I guess I should be concerned, but for some strange reason I actually prefer Dallas playing on the road. Maybe it's from last year when they churned out more wins on the road than at home.... or something like that.


----------



## PininFarina (Apr 23, 2007)

^^Thats because Mavs play best when they have there backs against the wall.

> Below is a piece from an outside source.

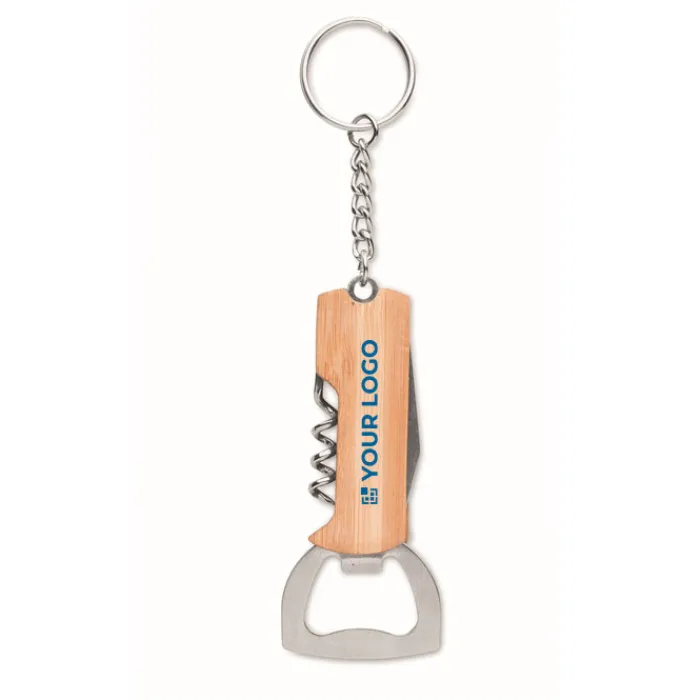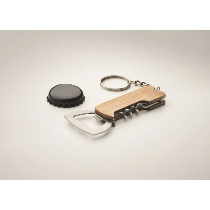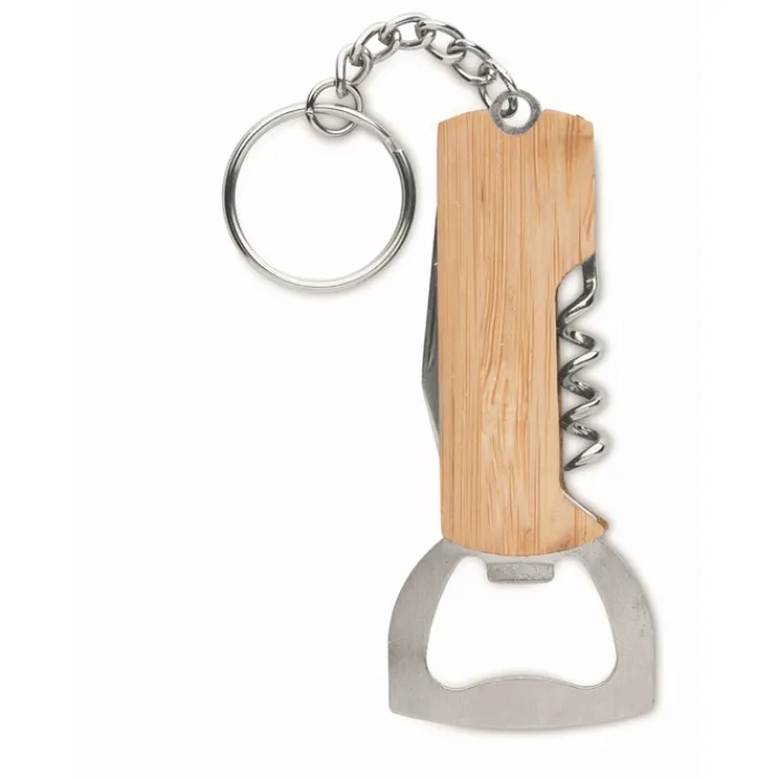 Portachiavi a forma di apribottiglie con cavatappi e coltellino in acciaio inossidabile e bambù.

I hope Stephen Jackson gets a suspension tonight for not leaving the court in a timely manner. He should be punished some how for that. He was ready to come into the stands again.


----------



## edwardcyh (Dec 13, 2005)

PininFarina said:


> ^^Thats because Mavs play best when they have there backs against the wall.
> 
> I hope Stephen Jackson gets a suspension tonight for not leaving the court in a timely manner. He should be punished some how for that. He was ready to come into the stands again.


That will just be more excuses.... and more fuel for the hate of Dallas.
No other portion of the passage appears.